Профессор опять вздохнул.
— Если б Александр Второй при осуществлении своих реформ тоже потоками проливал кровь, то и его, должно быть, прозвали бы Великим.
— Это парадокс.
— Нет, к несчастью, не парадокс. Великими в истории всегда прозывали только тех, кто с видимым на протяжении отрезка времени успехом пролил очень много крови. Без этого можно стать «Добрым», «Кротким», «Благословенным», «Святым», но для «Великого» нужны успех, кровь и больше ничего. Поверьте, если б Наполеон Третий выиграл войну тысяча восемьсот семидесятого года, он тоже стал бы Великим. Людовик Четырнадцатый пролил много крови и получил «Великого». А Людовик Шестнадцатый не пролил и окончил свои дни на эшафоте.
— Вот же наш Николай Великим не стал.
— Крымская война помешала. И хоть это уж другой вопрос, в Николая ведь Каракозовы не стреляли. Я, кстати сказать, всегда тех, кто ненавидит Александра Второго, спрашиваю, почему они никак не проявляли ненависти к его отцу?
— К нашему поколению этот риторический вопрос не относится: мы при Николае еще под столом бегали.
— Поэтому ваше поколение и не может понять, что для нас означало вступление на престол Александра Второго. Мы точно глотнули воздуха после того, как едва не задохлись… Я прямо скажу: я Александра Николаевича не понимаю… Ничего не понимаю, — повторил профессор, опять подумав. — Этот человек освободил крестьян, ввел земство, самоуправление, прекрасный суд вместо старого дрянного, отменил рекрутчину, уничтожил телесное наказание, без срама выпутал нас из проигранной войны, затеянной Николаем вопреки его совету, умиротворил Кавказ, мирно, не пролив ни единой капли крови, присоединил к России богатейшие земли Дальнего Востока… Разве я не вправе сказать, что он сделал больше Петра? И разве у него не было мировой славы, вроде славы Линкольна? Кстати, помните ли вы, что после покушения Каракозова Конгресс Соединенных Штатов прислал в Петербург особую делегацию во главе с Фоксом, чтобы приветствовать Александра Второго, «уму и сердцу которого русский народ обязан свободой», — это, кажется, был первый такой случай в истории. Его в северных штатах всегда и сравнивали с Линкольном. Вот какая была слава! И мне непонятно, что же такое произошло с царем? Почему человек, бывший величайшим реформатором, больше ничего не хочет делать?
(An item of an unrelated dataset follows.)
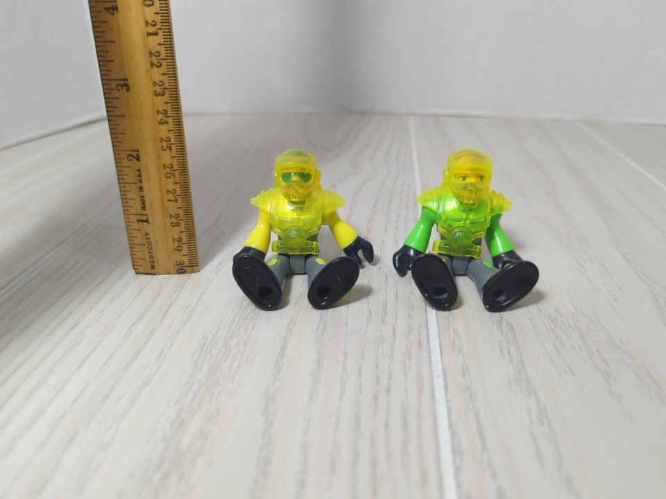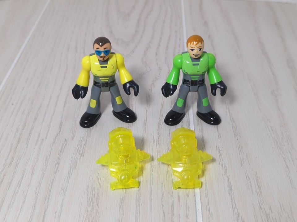 Fisher Price Imaginext Dino Rider figures lot 2 green yellow w/ helmets

Я не политик, но каждому нормальному человеку ясны преимущества конституционного строя перед самодержавным. По каким мотивам, только ли по усталости, этот бесспорно хороший, неглупый и добрый человек окружил себя ретроградами…
— Да нам его мотивы совершенно не интересны. Если он устал, то пусть идет к… Пусть уходит на покой!
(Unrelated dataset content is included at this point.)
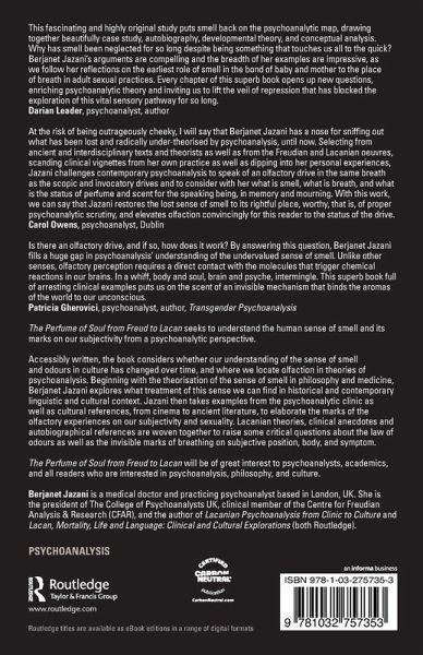 Accessibly written, the book considers whether our understanding of the sense of smell and odours in culture has changed over time, and where we locate olfaction in theories of psychoanalysis. Beginning with the theorisation of the sense of smell in philosophy and medicine, Berjanet Jazani explores what treatment of this sense we can find in historical and contemporary linguistic and cultural context. Jazani then takes examples from the psychoanalytic clinic as well as cultural references, from cinema to ancient literature, to elaborate the marks of the olfactory experiences on our subjectivity and sexuality. Lacanian theories, clinical anecdotes and autobiographical references are woven together to raise some critical questions about the law of odours as well as the invisible marks of breathing on subjective position, body, and symptom.

— А мне мотивы интересны. Вы Голохвастова Дмитрия Дмитриевича не знаете? Это клинский предводитель дворянства. Очень милый человек, хороший оратор, конституциалист. Так вот, видите ли, Голохвастов имел с государем беседу. Государь ему сказал со слезами в голосе…
— У него всегда слезы в голосе.
— Сказал ему следующее: «Чего вы все от меня хотите? Конституционного правления? Вы думаете, что я его не даю из мелочных чувств, не желая поступиться своими правами? А я тебе клянусь, что вот сейчас на этом столе подписал бы какую угодно конституцию, если б это только было возможно…»
— Кто же ему мешает?
— Не скрою, что это он объяснял Голохвастову невразумительно: говорил, что Россия на следующий день распадется на куски, все, мол, отделятся: Польша отделится, Финляндия отделится…
— И пусть отделяются.
— Это не разговор, Леонардо, «пусть отделяются»! — сказал Черняков. — Но эти опасения ни на чем не основаны.
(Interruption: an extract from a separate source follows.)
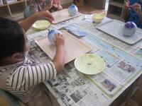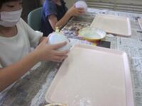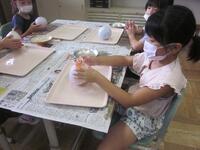 ふくらませた水風船に、紙をぺたぺたと貼っていきます。1年生のみんなは、丁寧に紙を貼っていました。

— Я тоже думаю. Так какие же истинные причины? Думаю, скорее всего сильное давление оказывает на него окружение, состоящее на три четверти из крепостников…
— Вот бы он всю эту шайку и разогнал.
— К этим твоим словам, Леонардо, я присоединяюсь, — сказал Черняков. — Давно пора приструнить этих господ.
— Вы оба совершенно правы, но… Вот у меня дочь, молоденькая девушка, собственно, чуть не девочка, и ее приструнить невозможно, и я даже спорить с ней не хочу и не могу: я слово, а она мне двадцать. Мне просто лень, и я махнул рукой, Михаил Яковлевич знает, — смеясь, сказал профессор. — Вы думаете, так легко приструнить старую Россию, с ее тысячелетней инерцией? Один пример: отмена крепостного права. Вам так кажется: сел государь в хорошую минуту за письменный стол и подписал указ об освобождении крестьян. А этого указа не хотели девяносто девять процентов всех его близких и девять десятых дворянства… Нет, вы не спорьте, это так! И как не хотели! Смертельно боялись, боролись, тормозили, готовы были на все, чтобы не допустить освобождения. Я прямо скажу, что для царя была опасность: ведь и при его неограниченной власти очень трудно справиться с дворянством. Вспомните участь его деда и прадеда: ведь их убили дворяне, а не революционеры. Да вот у меня есть маленькое личное впечатление, — сказал профессор, видимо, увлеченный спором. — Я только раз в жизни вблизи видел и слышал царя. Это было на приеме московского дворянства незадолго до освобождения. Почему-то я пошел, в первый и в последний раз в жизни, я плохой дворянин. Ну, собрались мы в Кремле… Не верьте вы, молодые люди, тем, кто говорит, будто большая часть дворянства стояла за освобождение крестьян. Да и в самом деле, вот ведь и на Западе из-за какого-нибудь пустякового нового налога поднимается дикий вой, а тут дело шло не о налоге, а о потере доброй половины состояния. Герцен, конечно, хотел освобождения, но сколько же дворян Герценов?
56
«Ужин» (нем. — Abendbrot).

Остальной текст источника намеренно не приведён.